Task instructions: Restate the listing that follows word for word, without its pictures.

Data provided:
++++++++++++++++++++
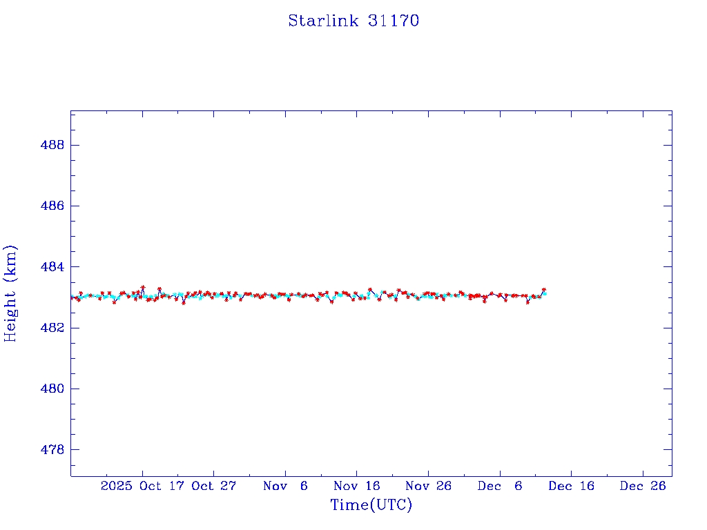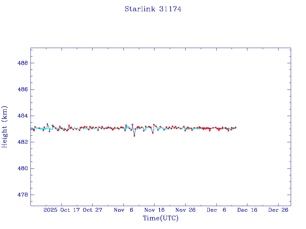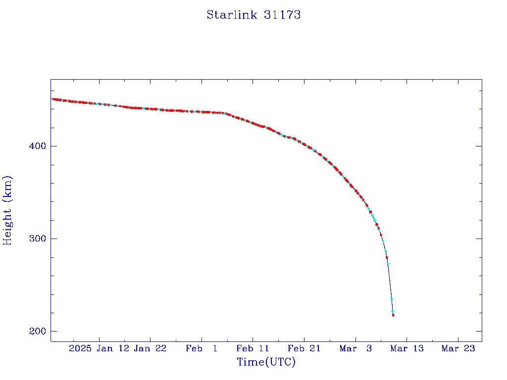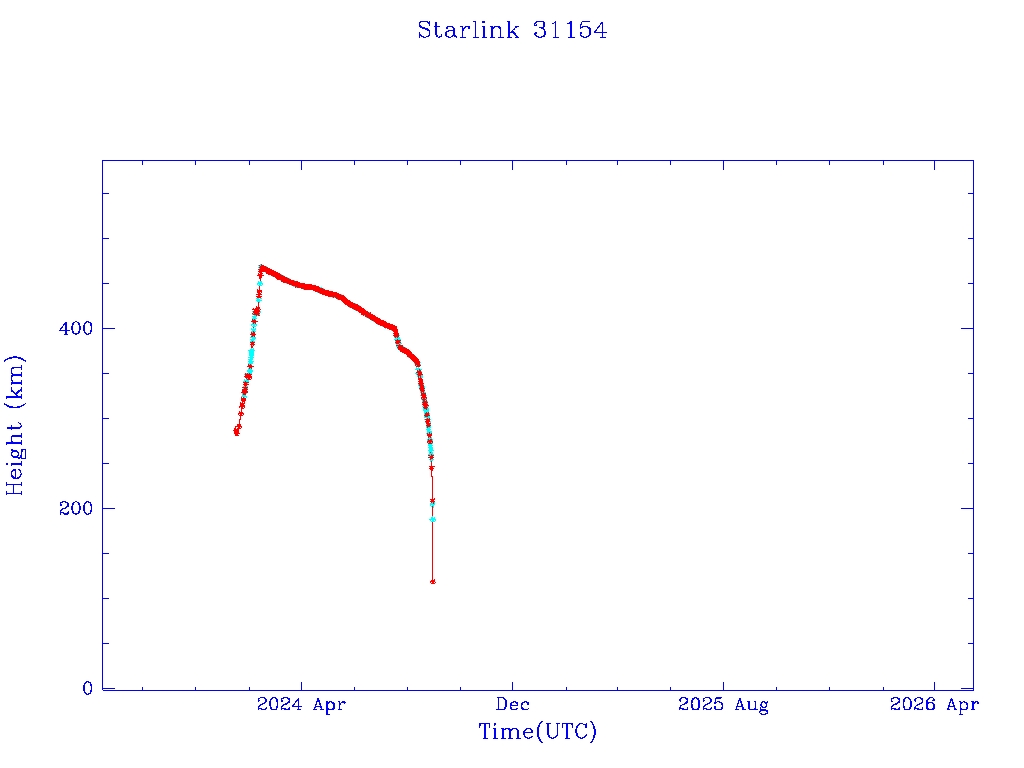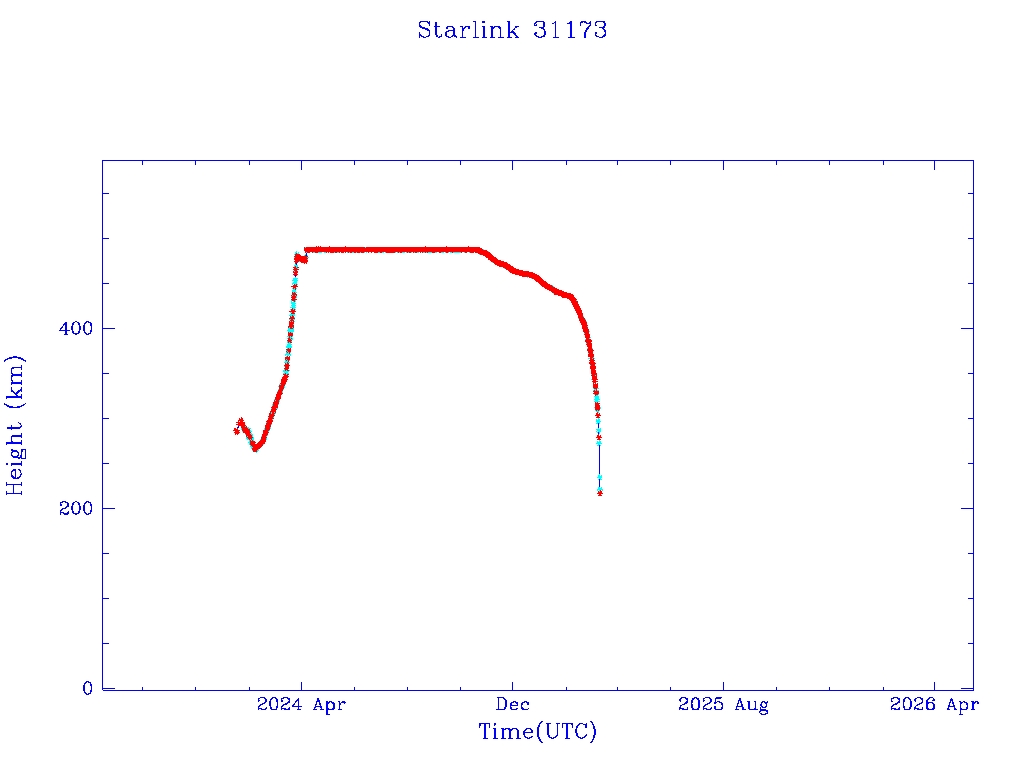 | Starlink 31173 | S58802 | R | 2024 Jan 15 | 2025 Feb 19? | 2025 Mar 10 |  |  |  |
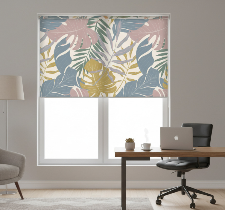 Referință: E6185Descoperiți frumusețea și versatilitatea Rulou geam birou detalii vegetație tropicală, o alegere perfectă pentru biroul dumneavoastră! Designul său grafic captivant, inspirat de natură, aduce un strop de exotism în orice spațiu de lucru, cu nuanțe vibrante și motive tropicale ce se îmbină armonios, creând o atmosferă plăcută și relaxantă.
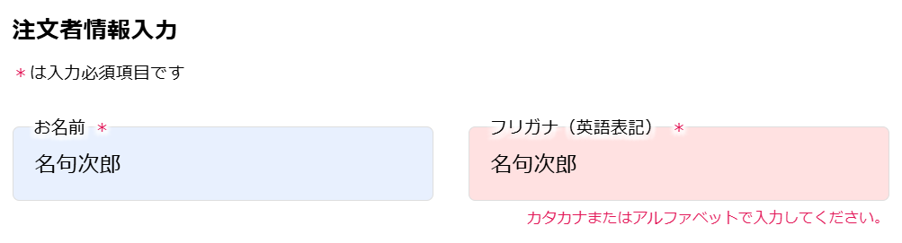 1.『お名前(フリガナ)』欄を「全角カナ」および「英字(全角・半角)」のみに制限いたしました
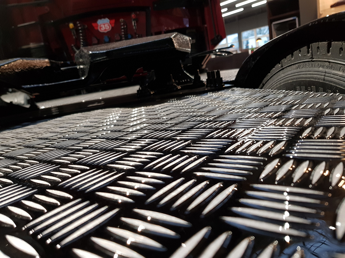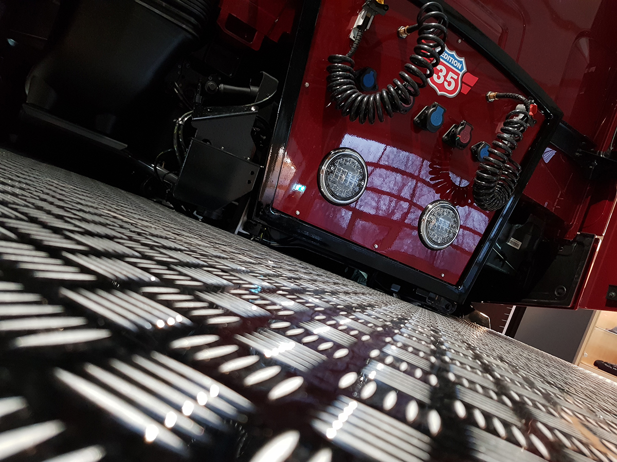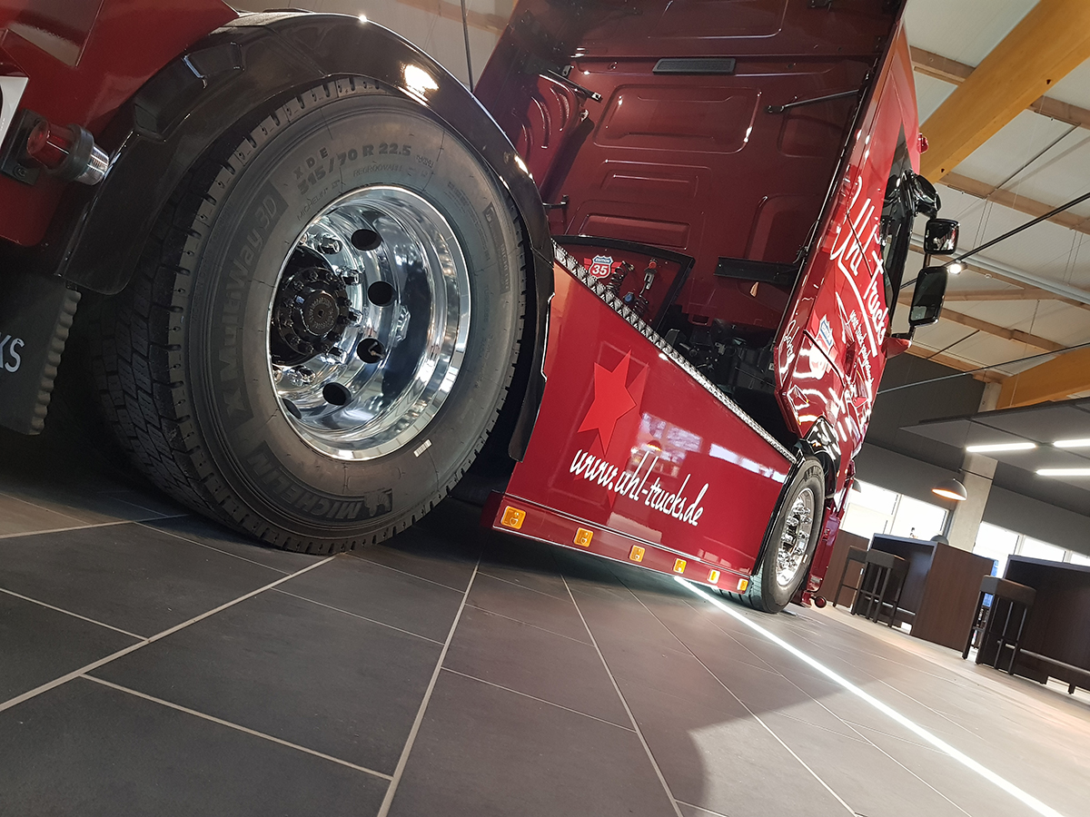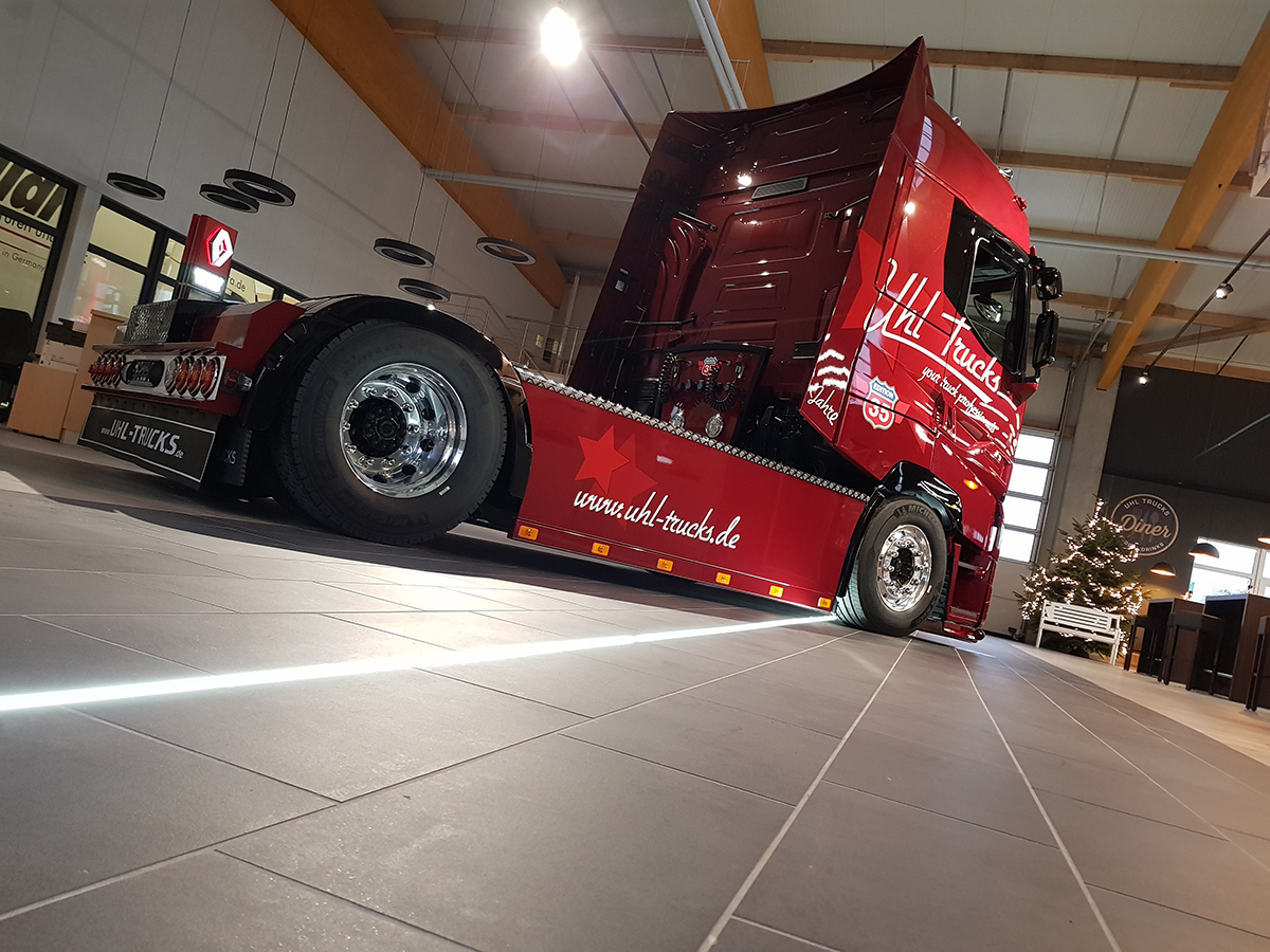 Rahmen- und Seitenverkleidung, Standlichter in Seitenverkleidungen, Heckstoßstange mit Rund-LED-Lichtern und Positionsleuchten, Lackierung aller Anbauteile, Beschriftung im Jubiläumsstyle, Lufthörner, 3x Intertruckleuchten auf dem Dach, Double-Dutch-Leuchten in der Wartungsklappe, Positionsleuchten im angepassten Frontspoiler, Galgen
++++++++++++++++++++
Answer to the exercise:
 | Starlink 31173 | S58802 | R | 2024 Jan 15 | 2025 Feb 19? | 2025 Mar 10 |  |  |  |
 Referință: E6185Descoperiți frumusețea și versatilitatea Rulou geam birou detalii vegetație tropicală, o alegere perfectă pentru biroul dumneavoastră! Designul său grafic captivant, inspirat de natură, aduce un strop de exotism în orice spațiu de lucru, cu nuanțe vibrante și motive tropicale ce se îmbină armonios, creând o atmosferă plăcută și relaxantă.
 1.『お名前(フリガナ)』欄を「全角カナ」および「英字(全角・半角)」のみに制限いたしました
 Rahmen- und Seitenverkleidung, Standlichter in Seitenverkleidungen, Heckstoßstange mit Rund-LED-Lichtern und Positionsleuchten, Lackierung aller Anbauteile, Beschriftung im Jubiläumsstyle, Lufthörner, 3x Intertruckleuchten auf dem Dach, Double-Dutch-Leuchten in der Wartungsklappe, Positionsleuchten im angepassten Frontspoiler, Galgen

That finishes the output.